In particular, for stress testing of some important activities, it is recommended to test the actual traffic pulse in the service.
Alibaba Cloud PTS has this capability. It can observe the system performance under the peak pulse in the context of progressively increasing capacity, such as verifying the traffic limiting capability, and see if the peak pulse is recognized as DDOS.
F. Parameter tuning:
After the stress testing, we can find a large number of unreasonable parameter settings. Our tuning mainly involves the following: kernel network parameter tuning (such as fast recovery of connections), Nginx common parameter tuning, and PHP-FPM parameter tuning. A lot of relevant information about these exists on the Internet.
G. Cache and database:
- Whether important services are cached;
- If the Redis CPU usage is too high, you can generally check for fuzzy matching, unreasonable use of short connections, use of instructions with high time complexity, real-time or near-real-time persistent operations, and so on.
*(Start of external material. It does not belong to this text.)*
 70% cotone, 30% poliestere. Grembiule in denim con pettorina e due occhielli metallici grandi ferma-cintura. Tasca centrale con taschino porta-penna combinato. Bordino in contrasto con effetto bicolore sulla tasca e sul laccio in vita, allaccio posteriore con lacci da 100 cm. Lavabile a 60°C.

At the same time, you can consider upgrading Redis to the cluster version, and consider the optimization mechanism of Local Cache for hot data (the activity form is very small due to the K-V, so it is suitable to consider Local Cache);
- With the progress of the stress testing and the discovery of problems, important databases may have incomplete indexes.
H. Mock service:
Generally, texting and payment depend on the third party. In this case, stress testing requires some special processing, such as setting up a separate Mock service, and then routing the stress testing traffic. This Mock service involves the simulation of a third-party service, so it needs to be as authentic as possible. For example, the delay of simulation should be close to the real three-party service. This Mock service is likely to encounter bottlenecks, so it is necessary to ensure its capacity and the stability of the interface delay under high concurrency. After all, the capacity, traffic limiting capacity and stability of some third-party payment and SMS interfaces are relatively good.
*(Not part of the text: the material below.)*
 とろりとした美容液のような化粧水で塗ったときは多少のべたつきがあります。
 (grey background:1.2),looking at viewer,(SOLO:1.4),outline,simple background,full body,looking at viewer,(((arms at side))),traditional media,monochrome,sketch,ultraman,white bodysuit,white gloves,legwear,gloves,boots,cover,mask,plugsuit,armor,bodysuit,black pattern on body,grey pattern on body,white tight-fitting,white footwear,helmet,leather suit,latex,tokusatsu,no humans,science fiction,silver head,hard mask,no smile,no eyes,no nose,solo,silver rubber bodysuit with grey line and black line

I. CPU threshold and service SLA of the system during stress testing
Our experience is that the recommended threshold for CPU is between 50% and 70%, mainly considering the environment of the container. Then, it is an Internet service, so the response time is also set at 1 second as the upper limit. During the stress testing, the actual hands-on testing experience is also carried out synchronously. (For detailed metric interpretation and threshold values, click to read the original article.)
- Even if the traffic limiting takes effect, it is very important to check whether the prompt and experience on the major client version after the limiting are as expected.
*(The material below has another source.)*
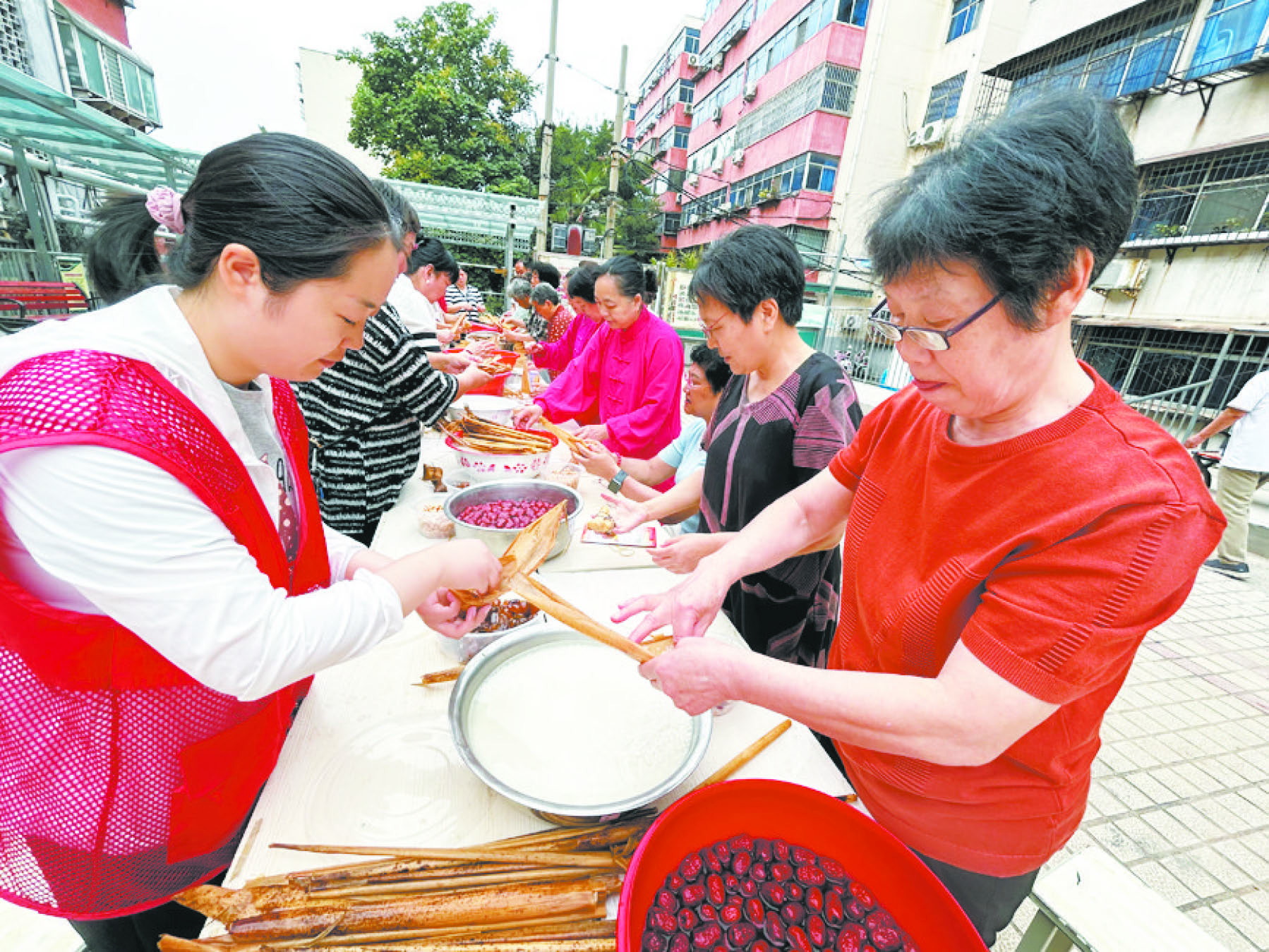 黨員志愿者和居民一起包粽子。

- The full link stress testing mainly covers various core interfaces. In addition, other interfaces must also have certain protection mechanisms, such as a default traffic limit threshold, to ensure that no non-core interfaces result in insufficient core system capacity due to unexpected traffic or insufficient estimated traffic.(For Java technology stack, you can learn about the Open Source Sentinel or Alibaba Cloud free traffic limiting tool AHAS)
- Core applications should be deployed separately on the physical machine layer;
Time-saving technical concept
At present, the full link stress testing has become one of the core technical facilities of Luogic Show, greatly improving the service stability. With Alibaba Cloud PTS, the automation of the full link stress testing is further improved, accelerating the build process and reducing the manpower investment. We are very concerned about the efficiency and concentration of the technical team. Not only for the build of the full link stress testing system, but also for the system building of many other service levels, we have all relied on the technical strength of our partners to support the rapid development of services within a controllable time.
When the business runs fast, the path and manner of technology construction are determined by the fundamental tone of the team.